C1_W3: The Porblem with beating HLP as a proof of ML superiority

Dear all,

I´d like to understand the case explained at the end of the slide 26 and all the 27 of the week 3. ¿could you supply me any more documentation about it?

I can´t understand it even with the transcription.

I´d be very grateful to you.

Best regards.

The lecture is rock solid on this one. I’ll give it a shot:

Slide 26:
This slide suggests other uses of human level performance.

  1. In academia, if your research performs better than HLP, odds of getting published is high.
  2. Say you have a client who wants to get a model with, say, 95% accuracy on a task. If HLP for that task is around 60%, then, use HLP as a baseline to negotiate and establish a much more realistic target.
  3. In business, it’s possible to create a buzz by stating that your product beats HLP by a certain margin. While it’s tempting to do this, care should be taken when establishing this win. More than often, it’s hard for a product to beat HLP. So, when possible, try staying away from this claim and if you do decide to claim that your product is better than HLP, gather sufficient evidence to back your claim.

Slide 27:
Consider a speech to text system.
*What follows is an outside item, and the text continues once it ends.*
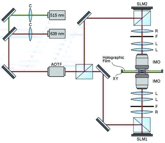 The wave front recording setup employs two optical light sources implemented as single-frequency diode-pumped solid-state lasers at 515 nm (Cobolt Fandango TM, 150 mW) and 639 nm (Lasos, RLK 40150 TS, 150 mW), respectively. The beams of both lasers are collimated using collimation lenses (C) and aligned on a common optical axis by means of a dichroic mirror. The resulting common beam is relayed to an acousto-optical filter (AOTF), which allows the tuning of both the beam’s optical power as well as the pulse length to precisely control the vHOE’s recording parameters. The object and reference beams are generated by evenly splitting the AOTF-modulated beam and relaying the two resulting beams to the respective SLMs. In the employed recording setup both the object and reference wave are individually shaped by means of two phase-only SLMs (Holoeye, GAEA-2). The main optical system, accommodating the recording wave front propagation, is implemented in an on-axis configuration with both SLMs being positioned at the opposite ends of two symmetrical optical systems (OS1, OS2), which are aligned on a common optical axis. The recording plane with the holographic film is positioned in the center of the setup between OS1 and OS2, with its surface normal being aligned in parallel to the common optical axis. The holographic film is laminated on a glass substrate and mounted on a high-precision, two-dimensional translation stage (Alio, AIOLM-35000E-350-XY, XY), which allows the controllable positioning of single Hogels with an accuracy of ∼ 10 . Subsequently, large-area vHOEs are fabricated by adjacently recording multiple Hogels in an array-based stepwise fashion. A schematic of the employed recording setup is outlined in Figure 2.

Let’s say that 70% of the labelers provide the first transcript and the remaining 30% of them provide the 2nd version of the text. In theory, both versions of the text mean the same despite the text being slightly different.
Probability that 2 random labelers agree = {.7}^2 + {.3}^2 = .58. This can be used as HLP.
When model is trained, it’s likely going to pay more attention to the 1st version since this version is present 70% of the time. So, model performance will be around 70%.

This goes back to the business use case. On paper, the model seems to have beaten HLP although logically, the model hasn’t. Inconsistency in label has given false impression about model performance.